Figure A.38: Comparison of rate monitoring and spectral monitoring of the neutrino beam for 1-sigma shifts of the horn positions. On the left is shown the significance of the variation in the observed rate for one week of running with a seven ton fiducial mass detector. It is shown as a function of off-axis angle (including zero, i.e., on-axis). On the right is shown the significance of the shape change as a function of energy for one week of running with an 8.7 ton fiducial mass on-axis spectrometer.

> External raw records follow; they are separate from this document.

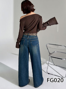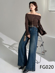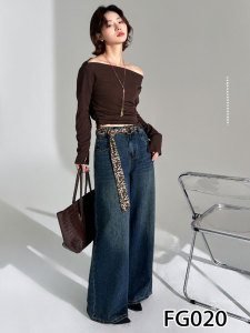 美式时髦豹纹腰带深蓝牛仔拖地裤2025新款宽松显瘦长裤日韩休闲
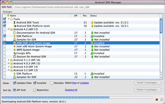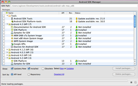 Android 库。为您的操作系统下载基础 Android SDK 后,可以访问 SDK 安装目录的工具目录,并运行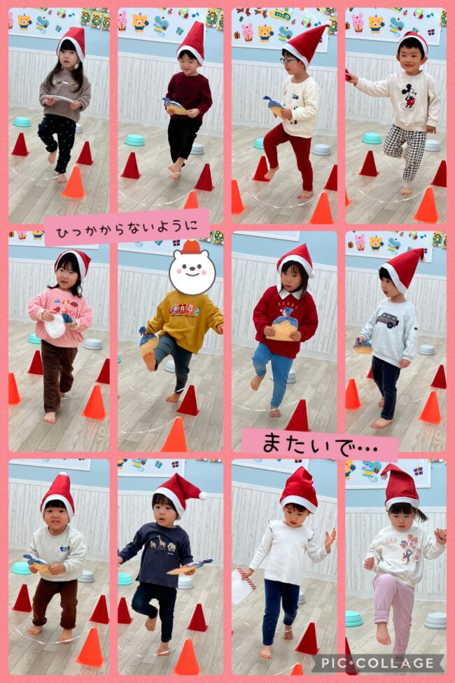 クリスマスサーキットでは、サンタの帽子を被ってプレゼントを手に持ち落とさないように運びます。ウェーブ平均台を落ちないように進んだり足を高く上げてゴム紐に引っかからないように慎重に進みながら楽しんでいました。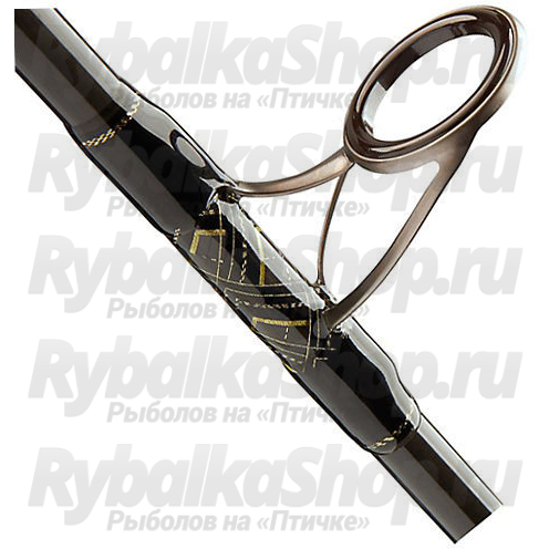 Катушкодержатель оснащен двумя винтами, что позволяет надежно зафиксировать катушку . Оригинальный дизайн оплетки комеля черно-золотого цвета является логическим завершение утонченного дизайна удилища. Сделано из высокомодульного углепластика, оснащено кольцами из оксида титана на двойной лапке, рукояткой EVA и украшено высококлассной оплеткой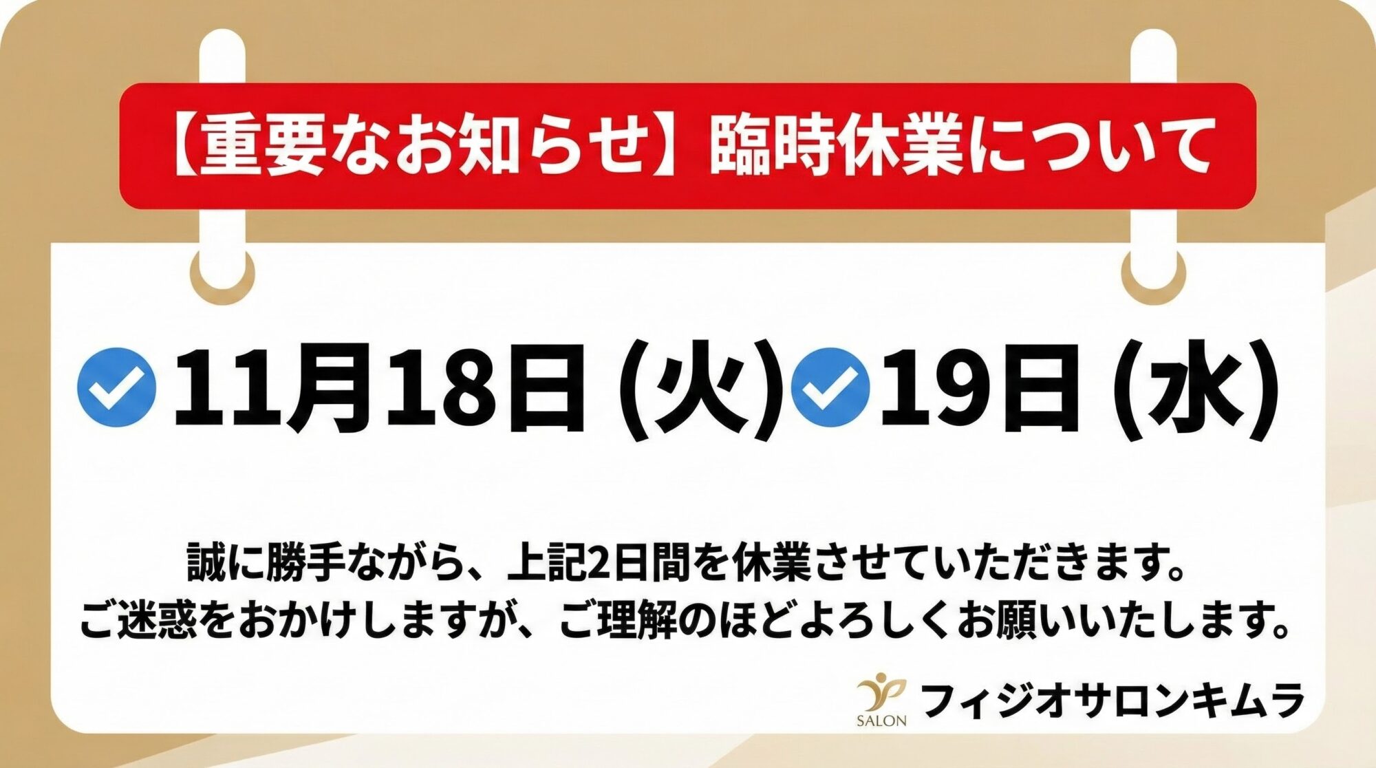 【臨時休業のお知らせ】 2026 1/07 2026年1月7日 いつもありがとうございます誠に勝手ながら、以下の2日間を臨時休業とさせていただきます。 🔹11月18日(火)🔹11月19日(水) ご迷惑をおかけしますが、ご理解のほどよろしくお願いいたします。 お役立ちコラム 当サロンからのお知らせ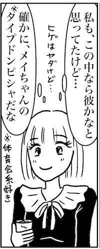 サイゾーウーマンカルチャーマンガ婚活女子の報告は事件の前触れ!? カルチャー まんが『オバサンと言われても結婚したい!』35話 【アラフォー婚活ルポ】「実は付き合うことになりました」婚活女子の報告は事件の前触れ!? 2021/04/14 13:30 白戸ミフル(マンガ家) オバサンと言われても結婚したい! メイちゃんのタイプドンピシャ! 次のページ カップル誕生! 前のページ1234次のページ 関連記事 【アラフォー婚活ルポ】熟女の魅力は謙虚なところ? むしろワガママなんだけど……【アラフォー婚活まんが】42歳、“熟女好き”27歳と過ごす夜……え、全身ツルツル!?【アラフォー婚活まんが】年収2000万円の“熟女大好き”27歳と、いきなり温泉旅行!【アラフォー婚活まんが】感激の夜が「キモい」結果に!? 初デートではそれはない!【アラフォー婚活まんが】41歳、プロポーズを拒否! 借金500万円の男についにブチ切れ!! その他の作品を読む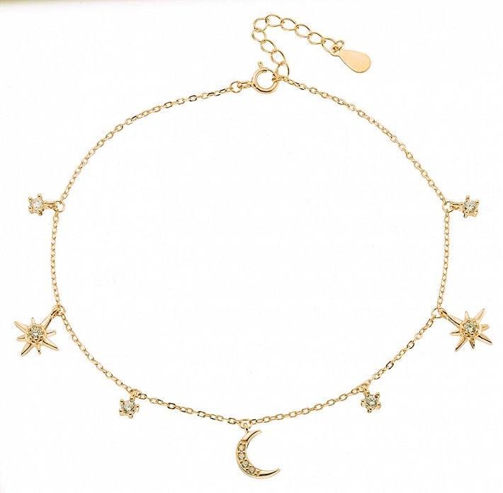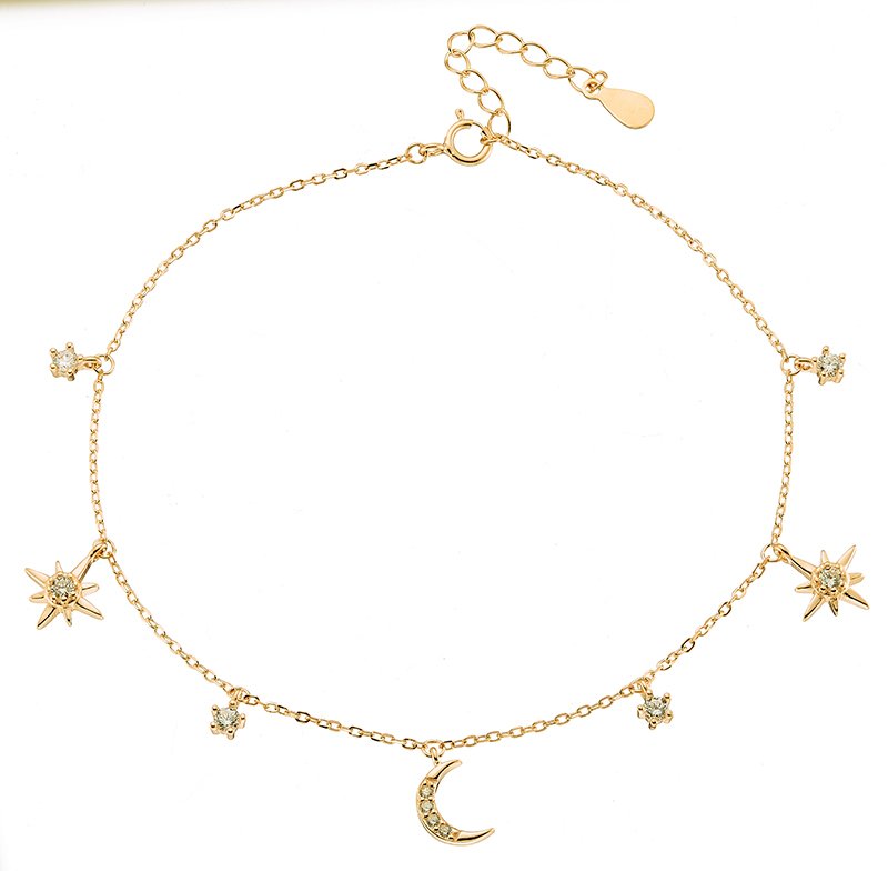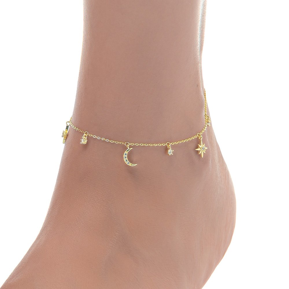 Oxzen αλυσίδα ποδιού ασημένια με κρεμαστά στοιχεία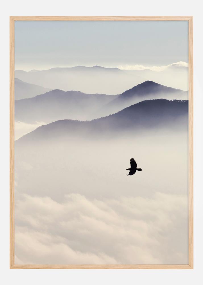 Αυτή η αφίσα εμπνευσμένη από τη φύση αποτυπώνει μια απλή, αλλά ισχυρή εικόνα ελευθερίας και σιωπής. Ένα μοναχικό πουλί πετάει μεγαλοπρεπώς πάνω από μια ομιχλώδη κοιλάδα, με στρώματα βουνών που σιγά-σιγά εξαφανίζονται στο απαλό φως της αυγής ή του σούρουπου. Οι απαλές αποχρώσεις και το μινιμαλιστικό τοπίο προσφέρουν μια αίσθηση ηρεμίας και απεριόριστης ελευθερίας.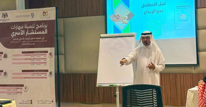 «دراسة الحالة وتشخيصها وعلاجها في الإرشاد الأسري»، استعرض خلالها الأسس العلمية لدراسة الحالات الأسرية، ومنهجيات التشخيص الدقيق، وأساليب التدخل والعلاج الإرشادي، مدعّمًا ذلك بأمثلة وتطبيقات عملية تعزز جاهزية المستشارين للممارسة المهنية.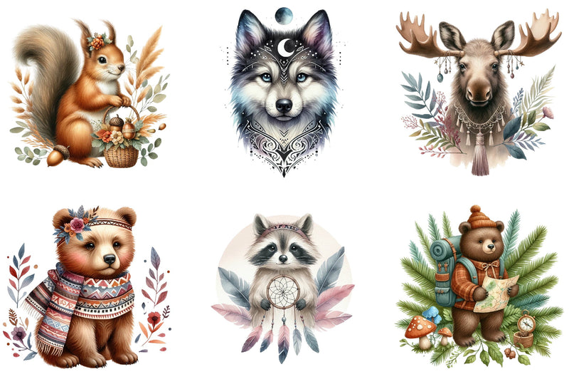 Unleash your creativity with this enchanting collection of bohemian-style woodland animals, ideal for scrapbooking, invitations, and more.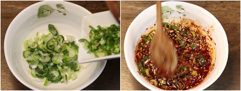양념장 재료: 간장, 고춧가루, 다진 마늘, 참기름, 설탕, 후추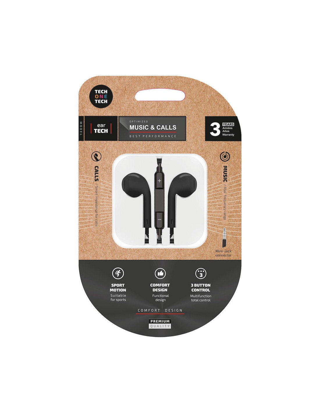 Auriculares eartech ergonómicos, sonido estéreo, con micrófono, control de volumen y tercer botón multifunción, música y llamadas.garantía de compatibilidad con dispositivos apple, android y windows. color negro, longitud de cable 1,2m, conector: mini-jack 3,5mm, frecuencia: 20 hz - 20khz, impedancia: 32 ohmios +-15%, micrófono: -42db +-3db
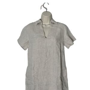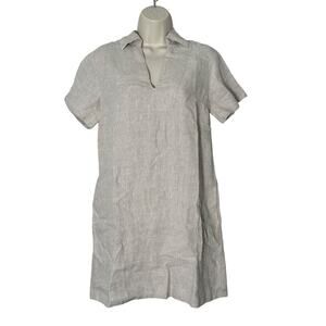 Crafted of our 100 percent lightweight linen, this breezy mini dress has a point collar at the open V-neckline and an off-body, relaxed fit. It's versative enough to pop on and go with any pair of sandals or sneakers.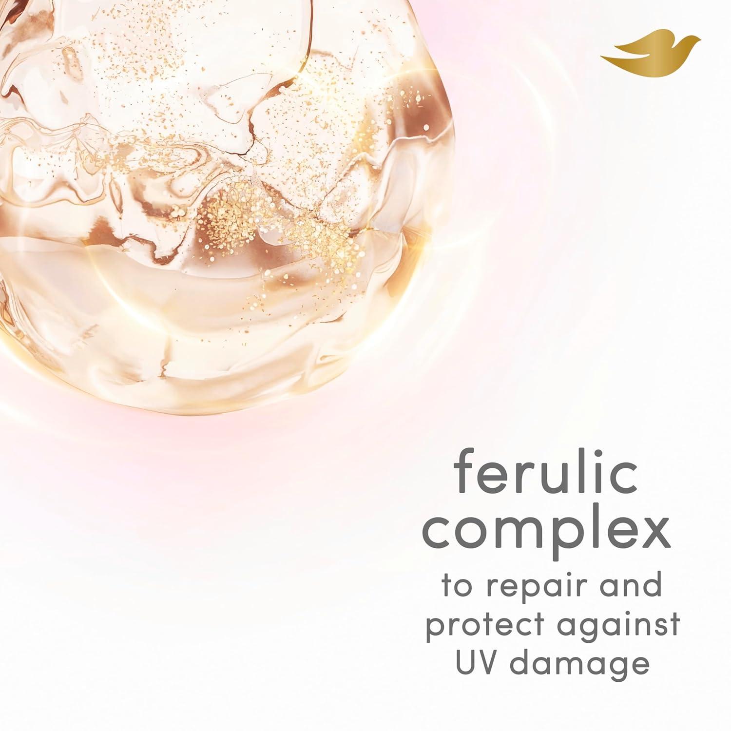 CONDITIONER FOR UV DAMAGED HAIR: This Dove conditioner with Ferulic Serum seals cuticles of UV-damaged hair and unlocks superior hair care and high gloss shine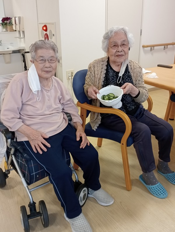 家庭菜園のキュウリを収穫して、塩漬けを作っていまぁす♪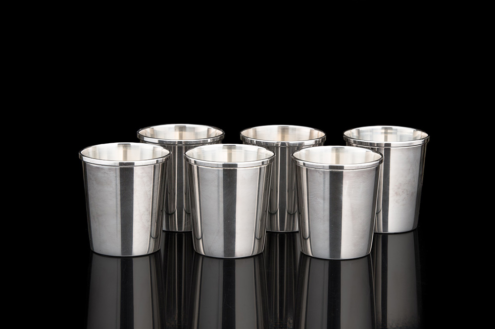 Sei bicchieri in argento leggermente troncoconici con superficie liscia. Padova, manifattura moderna, argentiere Zaramella, marcato Nicoletti (h. cm 8,5 ca.; d. cm 7,8 ca.) (g tot 710 ca.) (lievi difetti)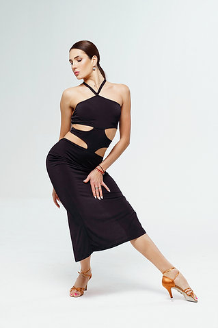 Długa sukienka, posiada ciekawe rozwiązanie konstrukcyjne, które podkreśla krągłości talii tancerki. Wycięcia po bokach sukienki nadają jej oryginalności i dodają szczypty seksualności, która jest istotna podczas występów scenicznych.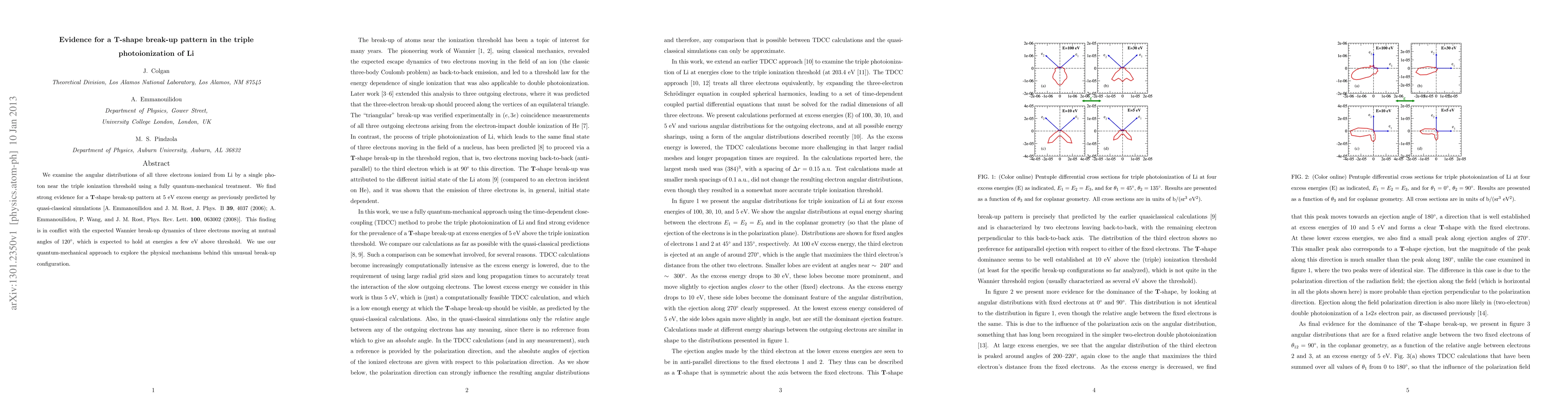 We examine the angular distributions of all three electrons ionized from Li by a single photon near the triple ionization threshold using a fully quantum-mechanical treatment. We find strong evidence for a {\bf T}-shape break-up pattern at 5 eV excess energy as previously predicted by quasi-classical simulations [A. Emmanouilidou and J. M. Rost, \jpb {\bf 39}, 4037 (2006); A. Emmanouilidou, P. Wang, and J. M. Rost, \prl {\bf 100}, 063002 (2008)]. This finding is in conflict with the expected Wannier break-up dynamics of three electrons moving at mutual angles of 120$^{\circ}$, which is expected to hold at energies a few eV above threshold. We use our quantum-mechanical approach to explore the physical mechanisms behind this unusual break-up configuration.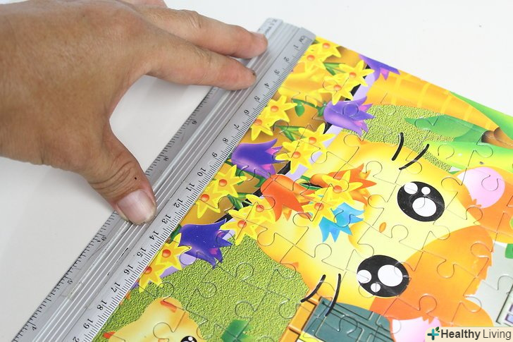 Виріжте основу для рамки. для цих цілей ви можете використовувати плакатний картон, пінокартон або твердий картон товщиною приблизно в 6 мм.виріжте прямокутник, який можна буде вставити в вашу раму. Цей матеріал послужить основою для пазла і дозволить йому лежати рівно. Для того щоб сторони основи вийшли рівними, краще використовувати сервісний ніж. Розрізи робіть уздовж інструменту т-подібної форми або транспортира, щоб переконатися, що сторони знаходяться під кутом 90º по відношенню один до одного.- Уникайте використання тонкого картону або іншого легко згинається матеріалу, так як це може привести до того, що пазл деформується з плином часу.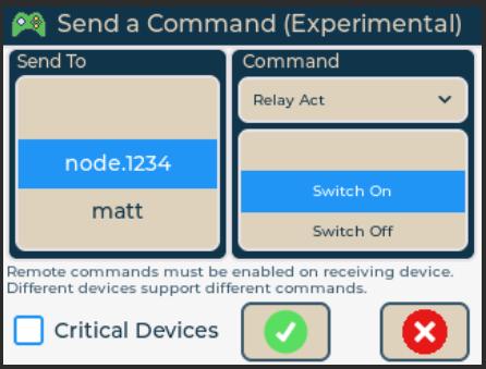 | 3. Choose a command and send it After your command is received and acknowledged, it will be executed (if enabled on the recipient device). |
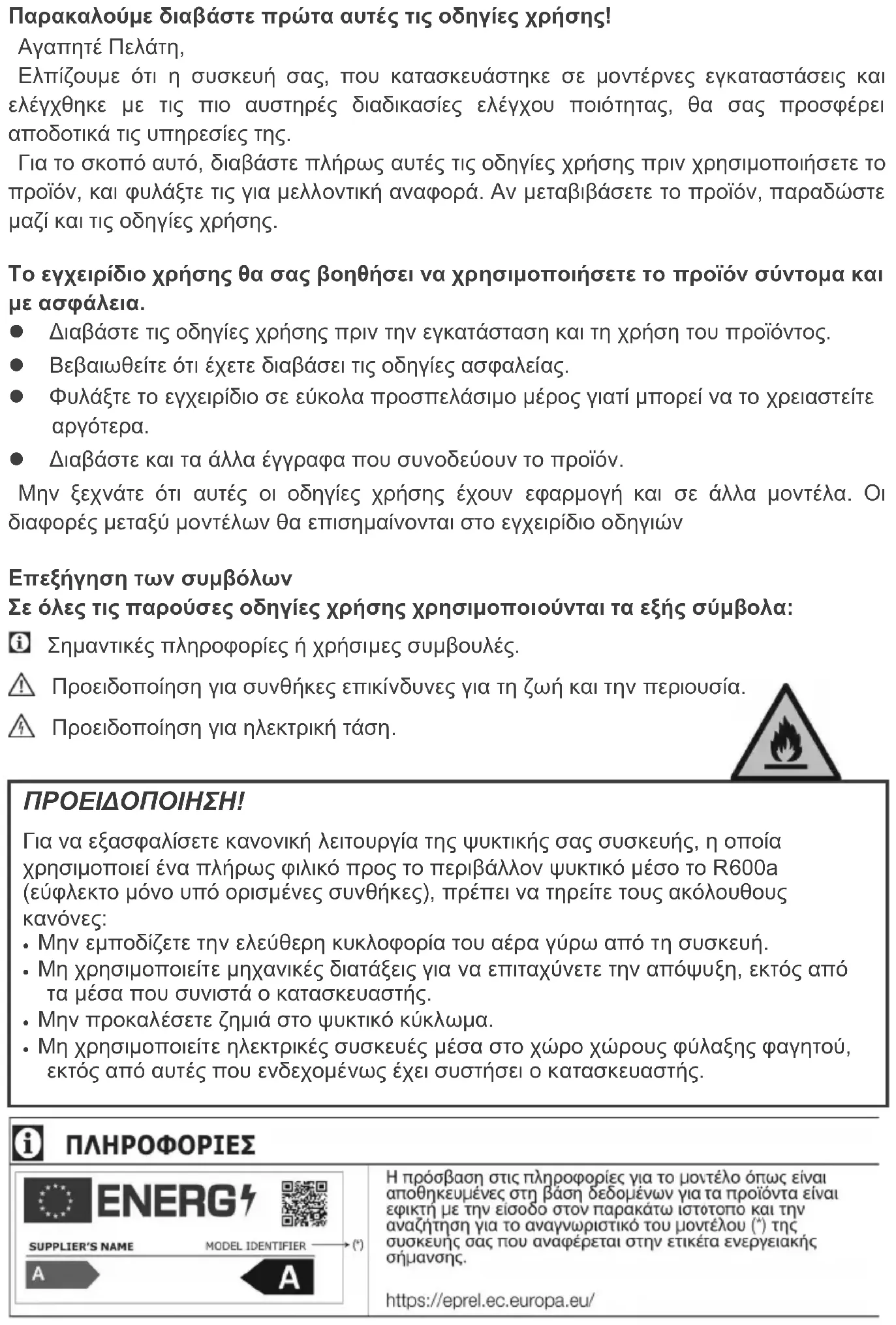 z Διαβάστε και τα άλλα έγγραφα που συνοδεύουν το προϊόν. Μην ξεχνάτε ότι αυτές οι οδηγίες χρήσης έχουν εφαρμογή και σε άλλα μοντέλα. Οι διαφορές μεταξύ μοντέλων θα επισημαίνονται στο εγχειρίδιο οδηγιών Επεξήγηση των συμβόλων Σε όλες τις παρούσες οδηγίες χρήσης χρησιμοποιούνται τα εξής σύμβολα: Σημαντικές πληροφορίες ή χρήσιμες συμβουλές. Προειδοποίηση για συνθήκες επικίνδυνες για τη ζωή και την περιουσία. Προειδοποίηση για ηλεκτρική τάση. ΠΡΟΕΙΔΟΠΟΙΗΣΗ! Για να εξασφαλίσετε κανονική λειτουργία της ψυκτικής σας συσκευής, η οποία χρησιμοποιεί ένα πλήρως φιλικό προς το περιβάλλον ψυκτικό μέσο το R600a (εύφλεκτο μόνο υπό ορισμένες συνθήκες), πρέπει να τηρείτε τους ακόλουθους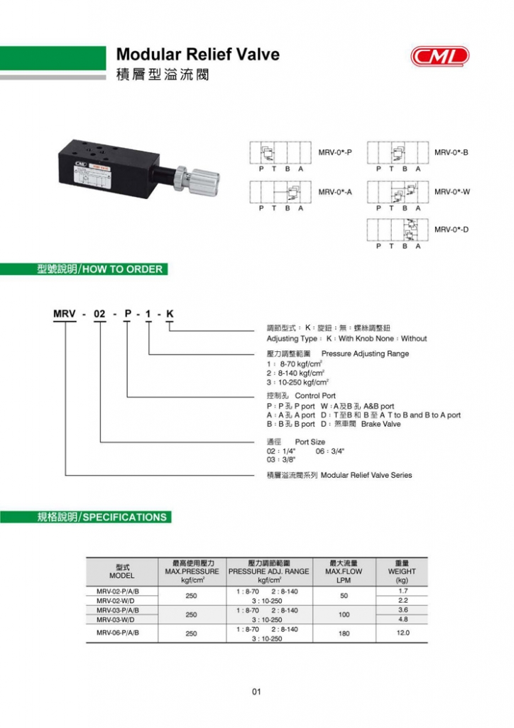 CML積層閥 , 積層型溢流閥 MRV-02,MRV-03系列型號(hào)參考: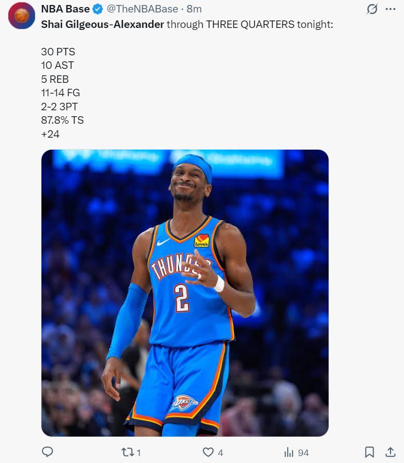 亞歷山大三節打完14中11,三分2中2,拿到30分10助攻5籃板,真實命中率87.8%,正負值+24。

The reference design described below in Section A.6.2 assumes the beam monitoring is done with a dedicated on-axis magnetic spectrometer. The device described is a capable beam monitor in that it has the required mass and muon momentum resolution as will be shown in Section A.6.2.4.

In addition, the on-axis spectrometer described below has capabilities that go beyond beam mon- itoring, which are useful for building confidence in the flux model and providing information that is potentially useful for the evolution of the neutrino interaction model. Other concepts, including one that utilizes an on-axis rate monitor, are under consideration.